Honey Walnut Shrimp

henever I went out to dinner with my Chinese extended family, I’d always beg them to order one of my favorite dishes: honey walnut shrimp. As soon as it hit the lazy Susan on the table, I’d spin it around to grab some crunchy, plump shrimp in the sweet creamy sauce and a few candied walnuts flecked with sesame seeds. This modern Cantonese dish, invented in Hong Kong in the ’70s or ’80s, may seem like a strange combination of ingredients, but it somehow just works. My daughter has inherited my love for this dish; she asks for it at least twice a month if we’re eating out or getting takeout.
I’d never tried making this at home until recently, and was absolutely thrilled to find out that it actually isn’t that hard to pull off. There are three components: the shrimp, the sauce, and the walnuts. Honey comes into play to coat walnut haves that are quickly candied on the stovetop until crisp and glazed. The shrimp are dusted in cornstarch and quickly shallow-fried to have a light, crispy exterior (some places like Panda Express use a thicker tempura-like batter, which I’m not a fan of). The sauce is a mixture of lemon juice, mayonnaise, and sweetened condensed milk. The condensed milk might seem like an odd choice, but it’s actually a staple in iconic Hong Kong dishes like milk tea and French toast, and it adds the perfect amount of sweetness and creaminess here.

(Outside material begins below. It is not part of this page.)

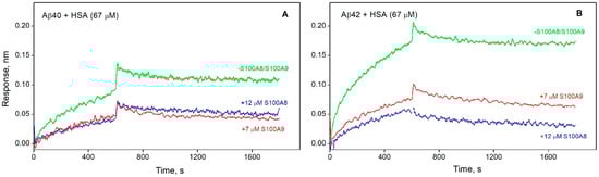 Kinetics of HSA (67 µM) interaction with monomeric Aβ40 (A) or Aβ42 (B) immobilized on a BLI sensor in the absence (green) or presence of S100A8 (12 µM, blue) or S100A9 (7 µM, red) at 25 °C, monitored using BLI (20 mM Tris-HCl, 140 mM NaCl, 4.9 mM KCl, 2.5 mM CaCl2, 1 mM MgCl2, pH 7.4).

While honey walnut shrimp can sometimes be paired with steamed broccoli, I rarely saw it served that way. Instead, it was often served on a bed of shredded iceberg lettuce, sometimes with some fried rice noodle threads. I don’t bother with any of these garnishes at home because I love just having the shrimp and walnuts as the stars. The whole dish requires fewer than 10 ingredients and 30 minutes in the kitchen, so it’s doable even on a weeknight!
Why You’ll Love It
- It’s restaurant-quality. Every part of this dish, from the candied walnuts to the crispy shrimp and creamy sauce, tastes just like what you’d be served at a Cantonese restaurant.

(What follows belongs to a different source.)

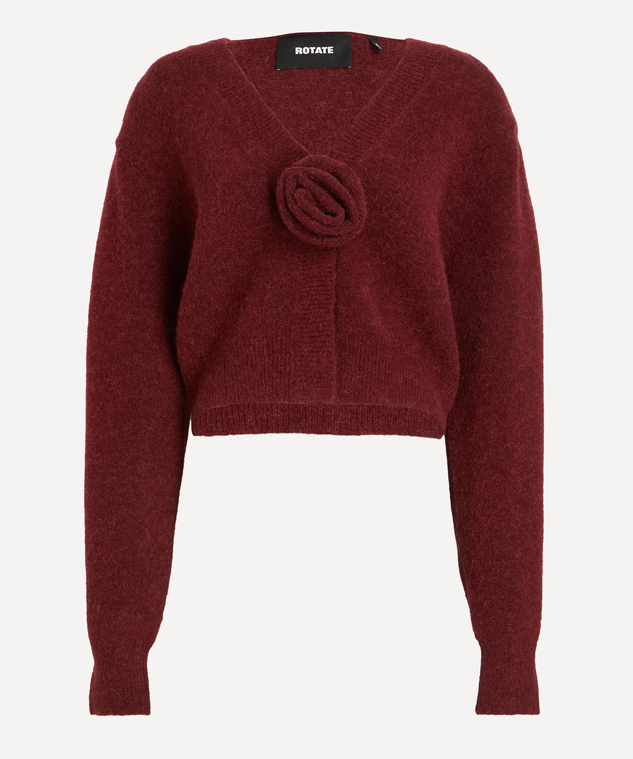 DETAILS Alpaca-wool blend cardigan Cropped fit Removable shoulder pads Voluminous long sleeves Removable knitted rosette Ribbed trims SIZE & FIT Model is 175cm/5'9"; Chest: 76cm; Waist: 58cm; Hip: 90cm and wears a size S COMPOSITION & CARE 32% Alpaca; 32% Wool; 30% Polyamide; 6% Elastane Dry clean

- Surprisingly easy to make. This dish will only take about 30 minutes from start to finish. Because the shrimp are shallow-fried, it’s not as messy and doesn’t need as much oil as deep-frying.
Key Ingredients in Honey Walnut Shrimp
- Shrimp: For the most ease in preparation, buy already-peeled shrimp or EZ-peel shrimp if you can. The best shrimp to use in this dish are sized 21 to 25 per pound or larger.

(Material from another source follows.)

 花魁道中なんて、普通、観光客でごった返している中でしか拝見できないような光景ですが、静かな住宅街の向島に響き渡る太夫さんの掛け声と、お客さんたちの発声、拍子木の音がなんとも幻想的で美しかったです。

- Walnuts: Use walnut halves (not pieces). I tried baking the walnuts, but making it on the stovetop was much quicker. And you can use raw nuts, as they’ll toast on the stovetop as they are candied.
- Sweetened condensed milk: It might seem counterintuitive to use this dessert ingredient in a savory dish, but it adds both creaminess and just the right amount of sweetness. It’s a staple in Hong Kong milk tea, and it keeps Rice Krispies treats soft if you want to use up the rest of the can. (I’m also a fan of peanut butter and sweetened condensed milk sandwiches.)
- Cornstarch: I first tried frying the shrimp in a batter, but it was too tempura-like. Just tossing the shrimp with a light coating of cornstarch yielded a thin-yet-crispy coating on the outside of the shrimp that the sauce can cling to.
How to Make Honey Walnut Shrimp
- Make the candied walnuts. Heat honey, oil, sesame seeds, and salt in a nonstick frying pan until bubbling, then stir in the walnuts and cook until they’re coated with a thick glaze and toasted. If the pan mixture starts to smoke, immediately reduce the heat. Transfer to parchment paper to cool.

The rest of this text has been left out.